Structured, cross-functional engagement is required for robust governance:

- Framework Development: Organizations should define core governance principles that integrate with existing systems—legal, IT, and risk management. Reference frameworks include NIST AI Risk Management, OECD Principles, and EU Ethics Guidelines.

- Role Definition: Leadership roles—CEO, CTO, CIO, Chief Risk Officer—support responsible AI culture and effective oversight.

- Policy Implementation: Specific, enforceable policies detail permissible development and deployment practices, including controls over sensitive data use.

- Ethics and Compliance Committees: Multidisciplinary panels enhance organizational insight and mitigate ethical, technical, and legal risks.

- Ongoing Monitoring & Audit: Regular risk assessments and continuous monitoring (with dashboards and specialized tools) identify emerging threats and model drift.

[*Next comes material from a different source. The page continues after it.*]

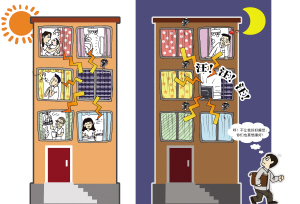 “誰(shuí)叫他們不讓我有好覺睡!4—3的住戶名叫陳強(qiáng)(化名)稱,兩個(gè)多月前,他被調(diào)派上夜班,每晚10點(diǎn)上班,第二天清晨才下班回家。回家后,陳強(qiáng)拖著疲憊的身軀剛一躺下,就聽到一些住戶家傳來(lái)的電視聲、廣播聲、唱歌聲、小孩的哭聲,這一切吵得陳強(qiáng)無(wú)法安睡,幾乎要在床上折騰幾個(gè)小時(shí)后,陳強(qiáng)才能勉強(qiáng)入睡。
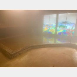 この壱岐市(壱岐の島)に2つしかない温泉地のうちのひとつが「いき湯川温泉」。源泉はこの施設だけという貴重な公共の浴場です。ステンドグラスが印象的な浴室には大きな湯船が一つあり、河童の湯口から源泉が惜しげもなく注ぎ込まれています。

- Culture Building: Training and clear reporting channels empower employees to champion responsible AI and report concerns proactively.

Best Practices in AI Governance

  • Define Success and Metrics: Establish clear, quantifiable goals and metrics to assess governance effectiveness.
  • Lifecycle Governance: Tailor management and oversight to every stage—development, testing, validation, deployment, monitoring, and auditing.
  • Assign Clear Roles: Designate accountable individuals for every aspect of AI operation.
  • Incident Response Planning: Rapid response capability for failures, ethical breaches, or security incidents naturally supports organizational learning.
  • Collaboration: Engage external regulators, industry parties, and internal teams for well-informed, comprehensive governance strategies.
  • Promote AI Literacy: Comprehensive training and transparency reports cultivate ethical competency across developers and end-users.
Conclusion

Responsible AI is not an optional pursuit; it is a moral and operational imperative as organizations embed sophisticated technologies ever deeper into daily life and work. Early adoption of ethical principles—fairness, transparency, and accountability—forms the foundation for sustainable innovation and resilient organizations.

A trustworthy AI environment is built upon three pillars:

- Preemptive Compliance: Staying ahead of legal and regulatory change.

- Transparency: Clearly explaining how AI systems operate.

- Ongoing Training: Equipping all stakeholders with knowledge of AI’s capabilities and constraints.

When AI governance is embedded within core business operations—integrated into compliance management, legal structures, and strategic risk frameworks—ethical AI practice becomes a permanent feature of organizational life. This reflexive approach ensures innovation is pursued not only for its power but also for its principled, responsible contribution to society.